[Records for this task — start]

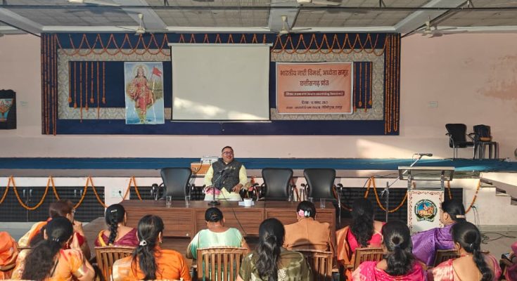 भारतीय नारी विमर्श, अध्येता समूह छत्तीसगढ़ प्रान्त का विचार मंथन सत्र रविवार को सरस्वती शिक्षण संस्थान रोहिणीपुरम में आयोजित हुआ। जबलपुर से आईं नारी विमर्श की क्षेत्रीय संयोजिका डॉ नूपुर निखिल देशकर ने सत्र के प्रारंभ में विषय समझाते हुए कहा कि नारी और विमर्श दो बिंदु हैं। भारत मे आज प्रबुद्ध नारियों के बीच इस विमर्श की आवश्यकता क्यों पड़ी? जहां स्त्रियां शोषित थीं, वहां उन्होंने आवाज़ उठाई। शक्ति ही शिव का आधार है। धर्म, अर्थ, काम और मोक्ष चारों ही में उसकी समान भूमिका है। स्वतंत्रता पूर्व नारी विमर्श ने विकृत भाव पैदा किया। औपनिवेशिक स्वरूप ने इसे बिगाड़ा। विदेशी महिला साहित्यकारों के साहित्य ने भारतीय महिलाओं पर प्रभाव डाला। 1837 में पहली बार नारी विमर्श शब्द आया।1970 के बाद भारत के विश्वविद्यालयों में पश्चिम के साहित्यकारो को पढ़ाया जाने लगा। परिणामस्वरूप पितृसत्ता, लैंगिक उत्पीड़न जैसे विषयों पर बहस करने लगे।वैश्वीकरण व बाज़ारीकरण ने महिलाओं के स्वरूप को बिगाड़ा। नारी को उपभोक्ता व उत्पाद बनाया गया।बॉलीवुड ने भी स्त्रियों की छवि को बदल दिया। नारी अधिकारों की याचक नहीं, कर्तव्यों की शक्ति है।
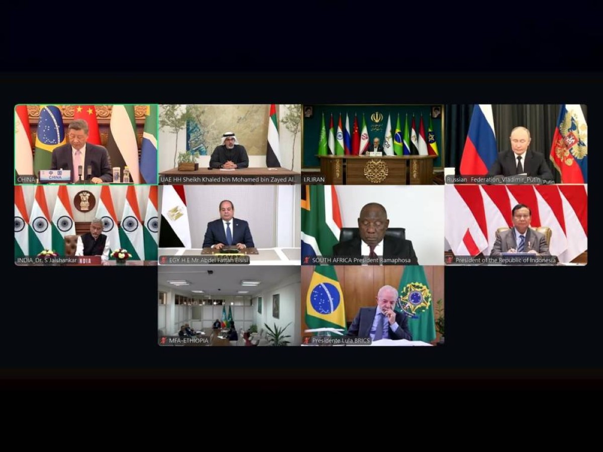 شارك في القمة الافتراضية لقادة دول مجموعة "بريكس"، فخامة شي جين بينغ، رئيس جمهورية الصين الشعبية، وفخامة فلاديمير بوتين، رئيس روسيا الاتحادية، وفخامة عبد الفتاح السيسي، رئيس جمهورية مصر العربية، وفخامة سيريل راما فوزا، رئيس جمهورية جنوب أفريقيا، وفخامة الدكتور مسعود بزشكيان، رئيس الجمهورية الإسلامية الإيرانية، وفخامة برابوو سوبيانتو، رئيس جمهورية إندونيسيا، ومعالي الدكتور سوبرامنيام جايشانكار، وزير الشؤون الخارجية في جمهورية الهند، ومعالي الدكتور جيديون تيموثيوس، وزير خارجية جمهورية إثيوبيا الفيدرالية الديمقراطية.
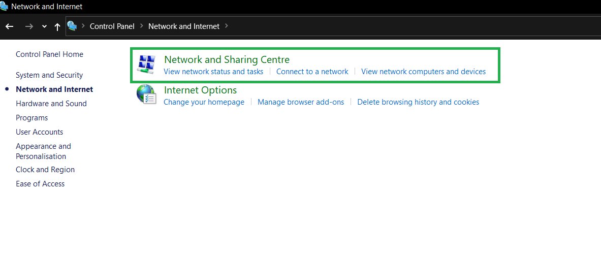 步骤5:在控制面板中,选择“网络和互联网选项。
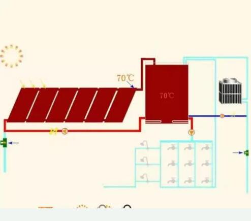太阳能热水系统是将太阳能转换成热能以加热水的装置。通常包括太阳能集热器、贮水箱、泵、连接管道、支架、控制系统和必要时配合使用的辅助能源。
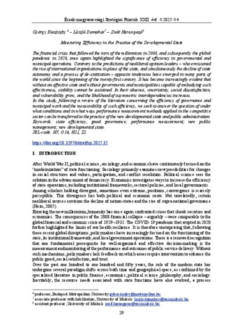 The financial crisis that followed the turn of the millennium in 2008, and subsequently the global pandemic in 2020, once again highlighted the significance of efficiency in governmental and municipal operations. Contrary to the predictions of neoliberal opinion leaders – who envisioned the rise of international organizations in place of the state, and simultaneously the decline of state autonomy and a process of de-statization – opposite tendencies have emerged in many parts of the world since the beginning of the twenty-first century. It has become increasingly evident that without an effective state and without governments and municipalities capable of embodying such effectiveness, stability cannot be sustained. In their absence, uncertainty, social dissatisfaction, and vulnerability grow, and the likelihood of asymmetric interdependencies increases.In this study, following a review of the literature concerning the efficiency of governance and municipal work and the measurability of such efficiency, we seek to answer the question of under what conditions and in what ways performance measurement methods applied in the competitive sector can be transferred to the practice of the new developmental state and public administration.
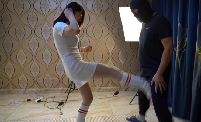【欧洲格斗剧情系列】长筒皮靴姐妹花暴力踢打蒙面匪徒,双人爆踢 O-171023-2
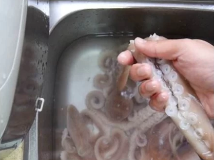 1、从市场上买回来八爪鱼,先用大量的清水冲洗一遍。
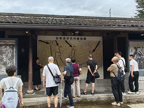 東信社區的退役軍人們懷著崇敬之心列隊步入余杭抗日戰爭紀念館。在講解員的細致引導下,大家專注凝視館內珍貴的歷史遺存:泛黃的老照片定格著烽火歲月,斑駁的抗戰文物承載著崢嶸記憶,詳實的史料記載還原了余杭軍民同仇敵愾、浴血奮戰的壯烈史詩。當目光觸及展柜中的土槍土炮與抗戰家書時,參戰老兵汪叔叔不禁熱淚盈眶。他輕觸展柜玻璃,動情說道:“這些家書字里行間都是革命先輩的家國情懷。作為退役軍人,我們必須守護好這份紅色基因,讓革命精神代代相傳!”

[Records for this task — finish]

Exercise requirements:
Word for word, restate the lines from the line with "1、从市场上买回来八爪鱼,先用大量的清水冲洗一遍。" through the last line of the entries, and nothing beyond them. Omit pictures.

Written answer:
 1、从市场上买回来八爪鱼,先用大量的清水冲洗一遍。
 東信社區的退役軍人們懷著崇敬之心列隊步入余杭抗日戰爭紀念館。在講解員的細致引導下,大家專注凝視館內珍貴的歷史遺存:泛黃的老照片定格著烽火歲月,斑駁的抗戰文物承載著崢嶸記憶,詳實的史料記載還原了余杭軍民同仇敵愾、浴血奮戰的壯烈史詩。當目光觸及展柜中的土槍土炮與抗戰家書時,參戰老兵汪叔叔不禁熱淚盈眶。他輕觸展柜玻璃,動情說道:“這些家書字里行間都是革命先輩的家國情懷。作為退役軍人,我們必須守護好這份紅色基因,讓革命精神代代相傳!”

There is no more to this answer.